Top of Supplied material
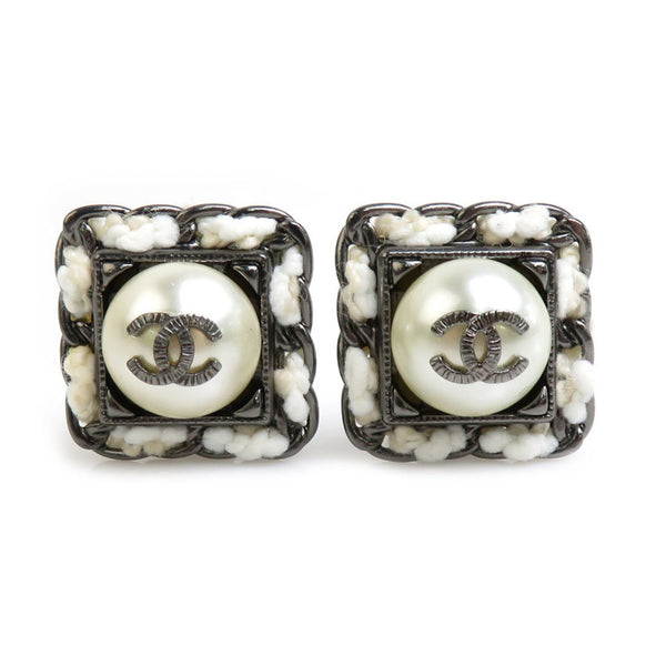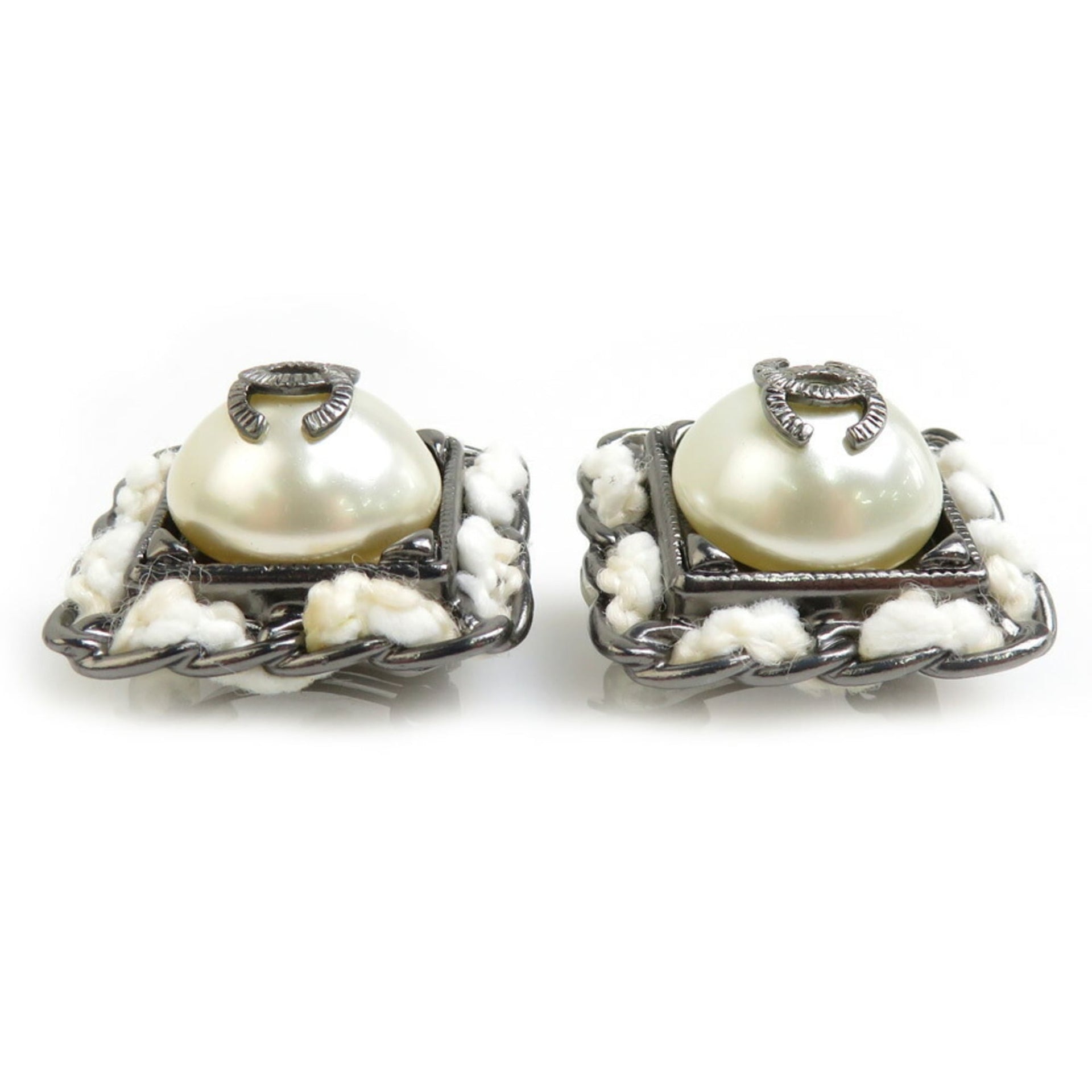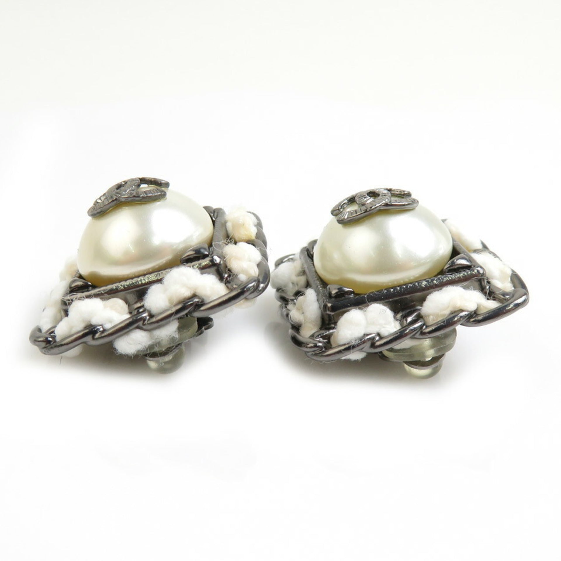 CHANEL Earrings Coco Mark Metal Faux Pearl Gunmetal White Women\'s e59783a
Bottom of Supplied material
Top of Supplied material
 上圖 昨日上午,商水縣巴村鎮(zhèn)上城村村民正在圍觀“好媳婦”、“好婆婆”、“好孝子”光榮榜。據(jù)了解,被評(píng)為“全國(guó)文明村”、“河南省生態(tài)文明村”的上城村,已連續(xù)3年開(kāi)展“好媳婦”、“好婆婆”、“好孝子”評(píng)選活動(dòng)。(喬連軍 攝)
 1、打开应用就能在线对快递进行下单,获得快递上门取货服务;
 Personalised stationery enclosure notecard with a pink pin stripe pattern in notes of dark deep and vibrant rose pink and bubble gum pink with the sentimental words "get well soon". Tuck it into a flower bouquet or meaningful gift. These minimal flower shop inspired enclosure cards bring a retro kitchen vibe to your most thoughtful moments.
Bottom of Supplied material
Top of Supplied material
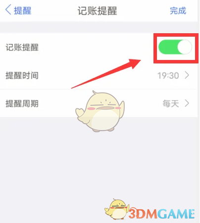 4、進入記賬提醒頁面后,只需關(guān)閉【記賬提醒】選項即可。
Bottom of Supplied material
▶ **Work to be completed**
Starting at the line that has "1、打开应用就能在线对快递进行下单,获得快递上门取货服务;" and ending at the line that has "Personalised stationery enclosure", please write out the lines above exactly, leaving out all others.

▶ **Exercise solution**
 1、打开应用就能在线对快递进行下单,获得快递上门取货服务;
 Personalised stationery enclosure notecard with a pink pin stripe pattern in notes of dark deep and vibrant rose pink and bubble gum pink with the sentimental words "get well soon". Tuck it into a flower bouquet or meaningful gift. These minimal flower shop inspired enclosure cards bring a retro kitchen vibe to your most thoughtful moments.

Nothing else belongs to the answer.